[[ RECORDED DATA, beginning ]]
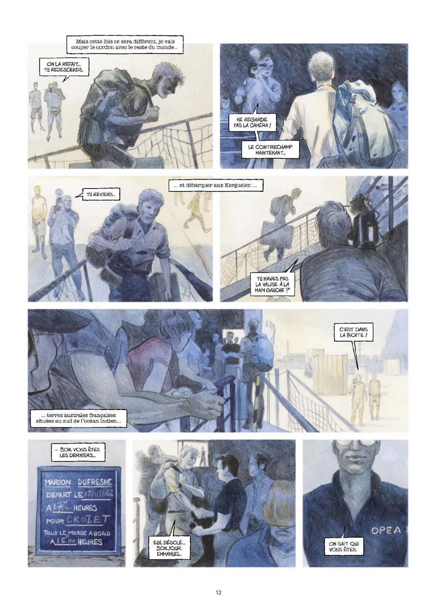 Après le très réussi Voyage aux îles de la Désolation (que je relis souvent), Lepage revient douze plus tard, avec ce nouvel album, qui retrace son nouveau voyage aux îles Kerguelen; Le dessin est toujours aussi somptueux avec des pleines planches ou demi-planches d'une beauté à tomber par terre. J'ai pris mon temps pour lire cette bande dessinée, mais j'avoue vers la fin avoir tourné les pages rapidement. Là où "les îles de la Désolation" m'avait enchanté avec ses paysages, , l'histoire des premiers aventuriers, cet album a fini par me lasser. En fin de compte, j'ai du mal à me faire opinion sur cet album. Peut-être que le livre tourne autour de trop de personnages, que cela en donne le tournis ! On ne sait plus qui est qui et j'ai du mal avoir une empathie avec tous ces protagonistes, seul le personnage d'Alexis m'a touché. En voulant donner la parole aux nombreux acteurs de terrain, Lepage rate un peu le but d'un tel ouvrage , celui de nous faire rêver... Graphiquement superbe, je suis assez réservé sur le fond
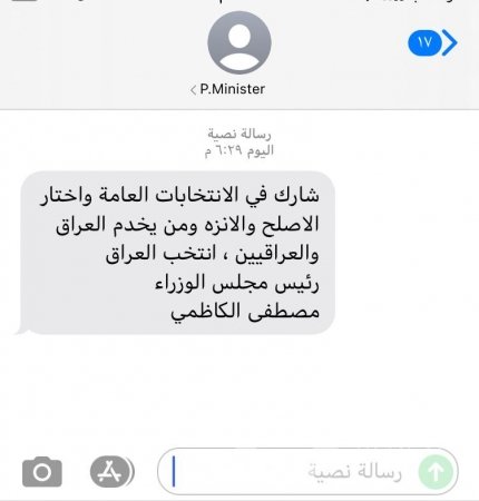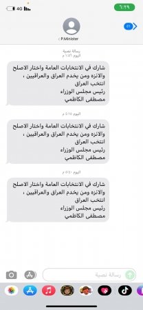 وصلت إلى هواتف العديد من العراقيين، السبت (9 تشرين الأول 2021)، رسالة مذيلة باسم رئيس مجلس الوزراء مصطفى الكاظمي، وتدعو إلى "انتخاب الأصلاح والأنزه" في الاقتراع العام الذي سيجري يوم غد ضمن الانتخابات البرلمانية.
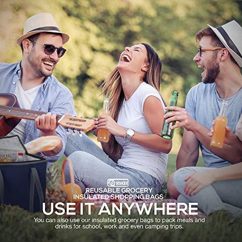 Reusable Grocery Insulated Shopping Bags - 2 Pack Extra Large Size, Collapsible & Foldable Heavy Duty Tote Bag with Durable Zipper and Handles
[[ RECORDED DATA, end ]]
:: REQUIREMENT ::
Give the listing again exactly, minus its images.

:: ANSWER BOX ::
 Après le très réussi Voyage aux îles de la Désolation (que je relis souvent), Lepage revient douze plus tard, avec ce nouvel album, qui retrace son nouveau voyage aux îles Kerguelen; Le dessin est toujours aussi somptueux avec des pleines planches ou demi-planches d'une beauté à tomber par terre. J'ai pris mon temps pour lire cette bande dessinée, mais j'avoue vers la fin avoir tourné les pages rapidement. Là où "les îles de la Désolation" m'avait enchanté avec ses paysages, , l'histoire des premiers aventuriers, cet album a fini par me lasser. En fin de compte, j'ai du mal à me faire opinion sur cet album. Peut-être que le livre tourne autour de trop de personnages, que cela en donne le tournis ! On ne sait plus qui est qui et j'ai du mal avoir une empathie avec tous ces protagonistes, seul le personnage d'Alexis m'a touché. En voulant donner la parole aux nombreux acteurs de terrain, Lepage rate un peu le but d'un tel ouvrage , celui de nous faire rêver... Graphiquement superbe, je suis assez réservé sur le fond
 وصلت إلى هواتف العديد من العراقيين، السبت (9 تشرين الأول 2021)، رسالة مذيلة باسم رئيس مجلس الوزراء مصطفى الكاظمي، وتدعو إلى "انتخاب الأصلاح والأنزه" في الاقتراع العام الذي سيجري يوم غد ضمن الانتخابات البرلمانية.
 Reusable Grocery Insulated Shopping Bags - 2 Pack Extra Large Size, Collapsible & Foldable Heavy Duty Tote Bag with Durable Zipper and Handles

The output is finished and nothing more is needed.